KUALA LUMPUR, May 15 — Malaysia’s economy expanded by 5.4 per cent in the first quarter (Q1) this year, surpassing the advance estimate of 5.3 per cent with robust domestic demand, investment activities, and exports continuing to drive growth, said Bank Negara Malaysia (BNM).
Growth, however, moderated from the 6.2 per cent recorded in Q4 2025.
BNM said household spending remained resilient amid favourable labour market conditions and continued policy support, while investment activity was sustained by machinery and equipment spending, structures investment and the implementation of multi-year projects.
Private consumption expanded 4.7 per cent in Q1, while private investment grew 7.8 per cent. Net exports surged 13.5 per cent amid steady export growth and a faster moderation in imports.
On the supply side, the services sector grew 5.6 per cent (Q4 2025: 6.2 per cent), supported by business-related and government services, while the manufacturing sector expanded 5.9 per cent (Q4 2025: 6 per cent) on stronger E&E production driven by continued demand for AI-related components.
The agriculture sector recorded slower growth of 2.6 per cent (Q4 2026: 5.7 per cent) as palm oil production normalised following strong yields previously, while the mining and quarrying sector contracted 2.1 per cent (Q4 2025: 1.4 per cent) due to weaker domestic oil and gas production.
Construction growth moderated to 7.7 per cent from 10.9 per cent previously amid slower residential and civil engineering activities, although special trade and non-residential activities continued to provide support.
BNM also said Malaysia recorded a wider current account surplus of RM15.2 billion in Q1, compared with RM2.7 billion in the previous quarter, driven by a larger goods surplus and higher services surplus supported by travel and ICT receipts.
Meanwhile, foreign direct investment (FDI) inflows remained sustained at RM22.8 billion, mainly channelled into the ICT and professional, scientific and technical activities sub-sectors.

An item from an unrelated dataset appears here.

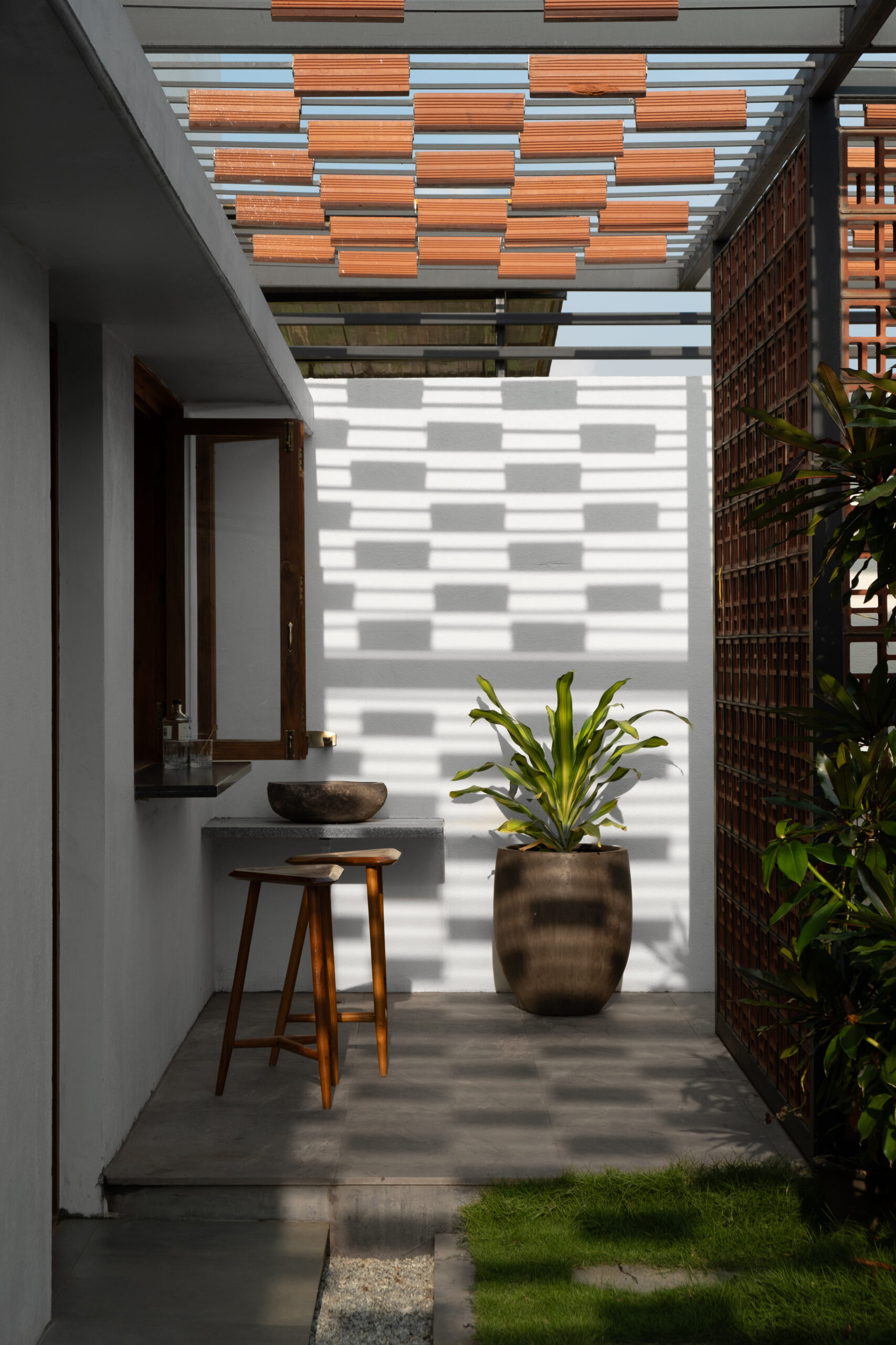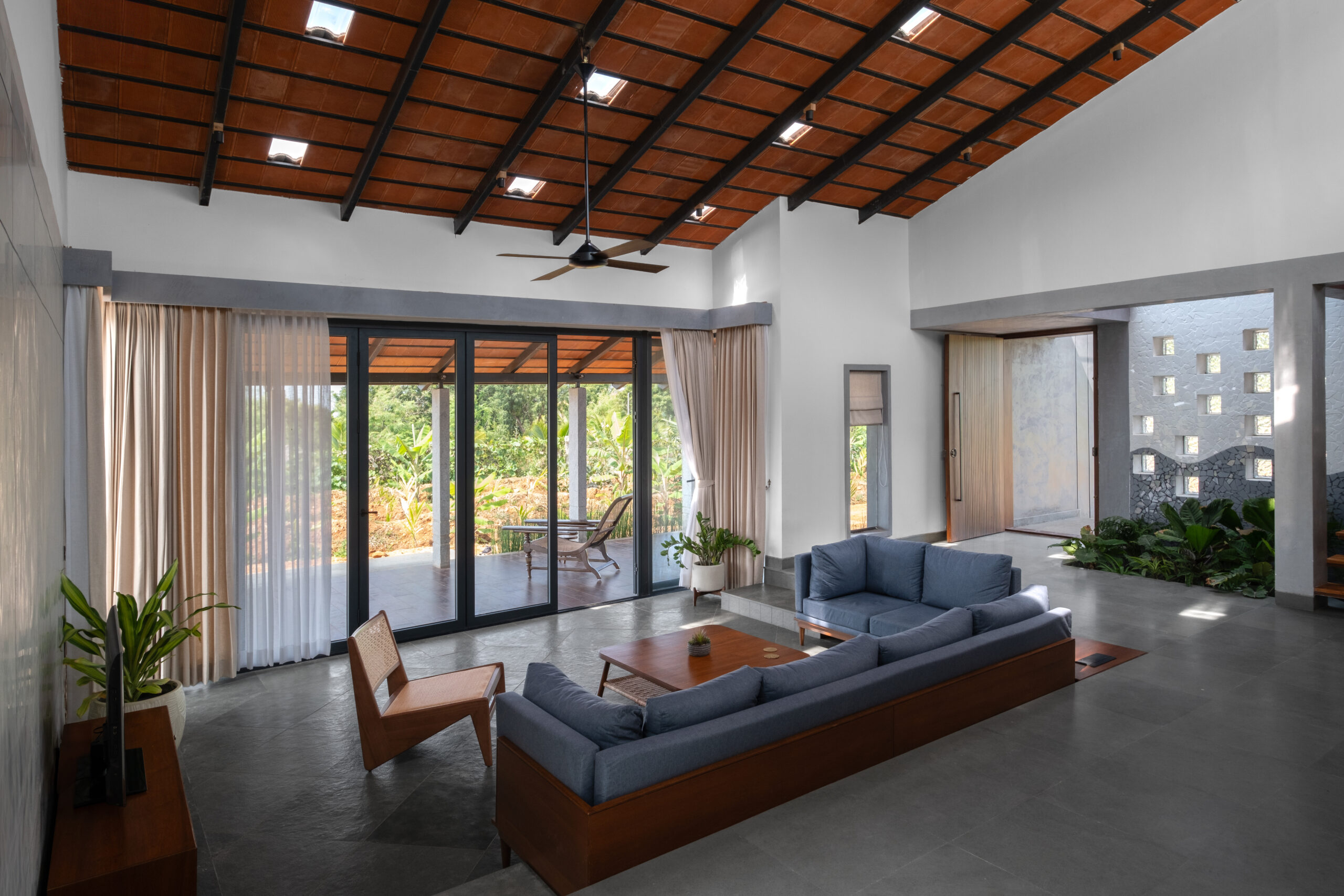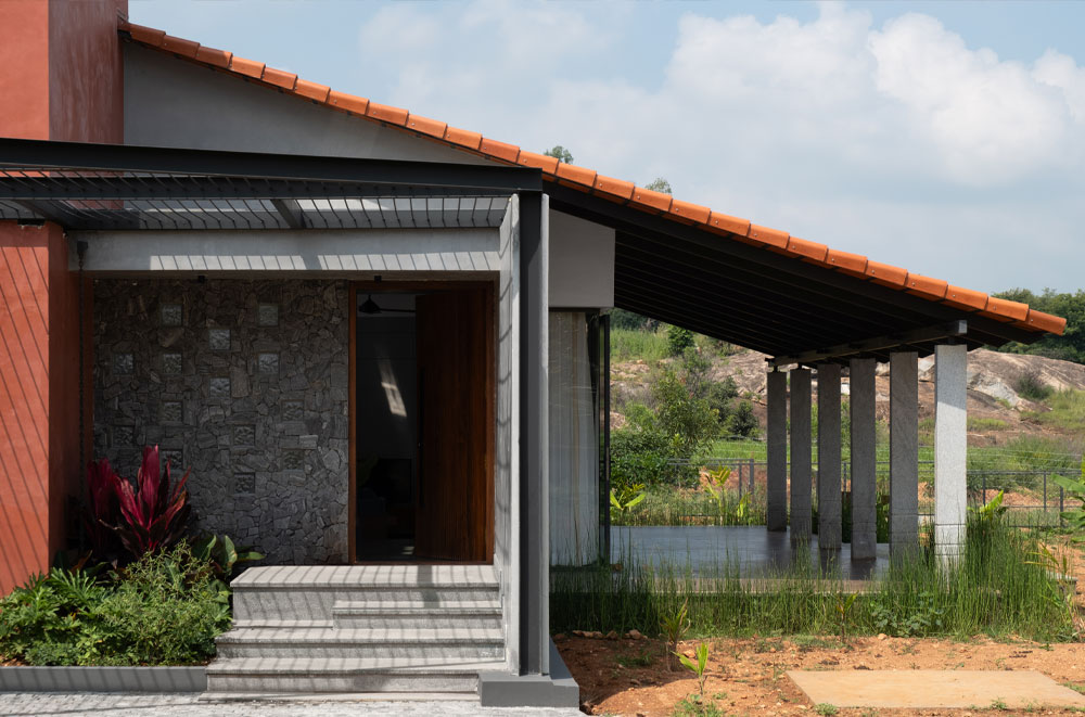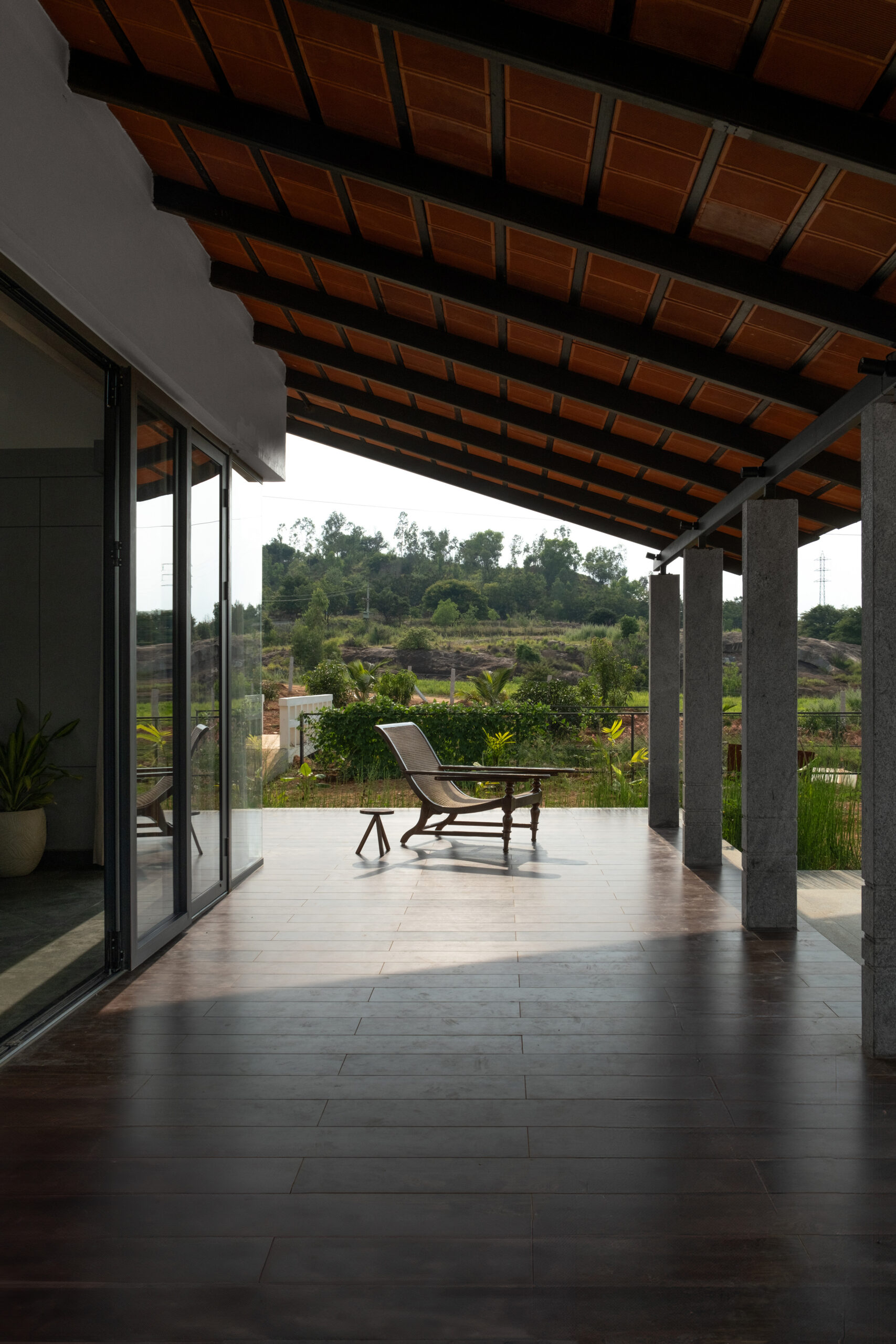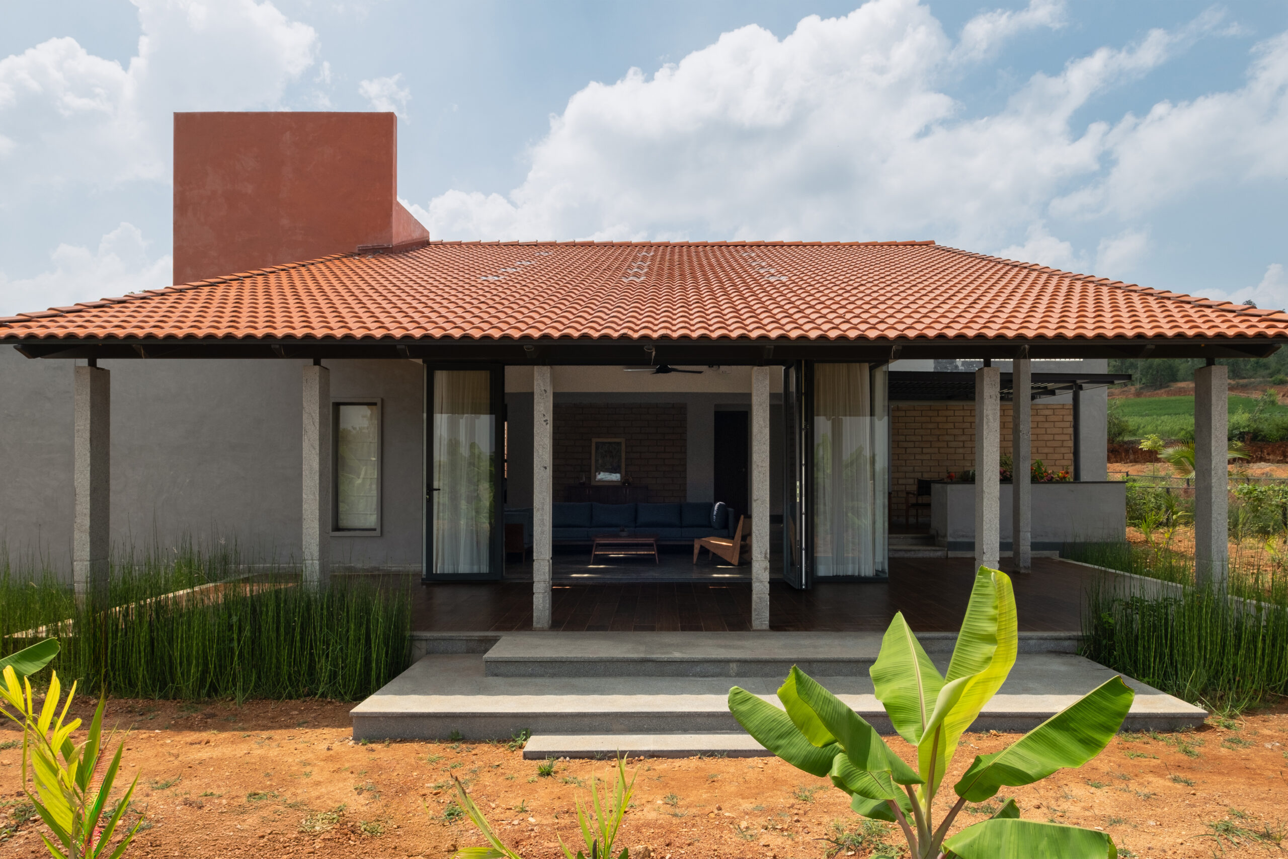 Nestled amidst the picturesque agricultural landscape on the outskirts of Bangalore, this holiday home epitomizes contemporary luxury blended seamlessly with traditional charm. Designed with a focus on space and natural surroundings, the minimalist aesthetic accentuates the beauty of the landscape. A serene courtyard beckons from the corridor and living area, adorned with classic paver tiles and lush greenery. Inside, traditional elements like Mangalore tiles and terracotta tones harmonize with modern interior touches, creating a timeless ambiance. The living and dining areas exude sophistication, with step-down seating, stone-clad walls, and sleek wooden accents, offering an inviting retreat for the urban family.

In a separate statement, BNM said investment growth was supported by the continued implementation of multi-year projects by both the private and public sectors, a high realisation rate of approved investments as well as the ongoing rollout of national masterplans.
BNM said export growth remained strong, driven mainly by continued expansion in electrical and electronics (E&E) exports.
“Meanwhile, gross import growth moderated amid slower growth in capital, intermediate and consumer goods imports,” it said.
It added that growth in the services sector moderated, reflecting slower motor vehicle sales following the front-loading of purchases in the fourth quarter ahead of the expiration of import duty waivers for electric vehicles.
“Meanwhile, the manufacturing sector performance remained supported by stronger E&E performance, in line with continued demand for artificial intelligence and data centre-related components,” BNM said.
Besides that, growth in the agriculture sector was lower amid normalisation in palm oil production following high output previously and ongoing replanting activities, it said.
“The mining and quarrying sector contracted, mainly due to weaker oil and gas production. In addition, growth in the construction sector normalised from a double-digit growth amid a moderation in residential construction and civil engineering activities,” it said.
BNM said that on a quarter-on-quarter seasonally adjusted basis, the economy contracted by 0.01 per cent compared with 1.4 per cent growth in Q4 2025, following the strong performance recorded in the preceding quarter.
Meanwhile, BNM Governor Datuk Seri Abdul Rasheed Ghaffour said Malaysia is expected to face external headwinds stemming from the ongoing geopolitical conflict in West Asia.
“As a small and open economy, Malaysia will inevitably face both direct and indirect impacts from the ongoing geopolitical conflict in West Asia.
“Higher energy prices, supply chain disruptions, and heightened uncertainty are expected to weigh on the external environment,” he said.
Nevertheless, Rasheed said the Malaysian economy is expected to remain resilient this year, with growth projected at between 4 and 5 per cent, supported by steady domestic demand and continued export expansion.
He said resilient domestic demand would continue to provide a strong buffer against external headwinds.
“Household spending will be underpinned by firm labour market conditions and continuous policy support. Investment activity will be driven by the continued progress of multi-year projects in both the private and public sectors, as well as the ongoing implementation of national master plans,” he added.
Despite external challenges, Rasheed said export growth would continue to benefit from the global technology expansion, particularly for E&E goods, reflecting Malaysia’s role in global value chains.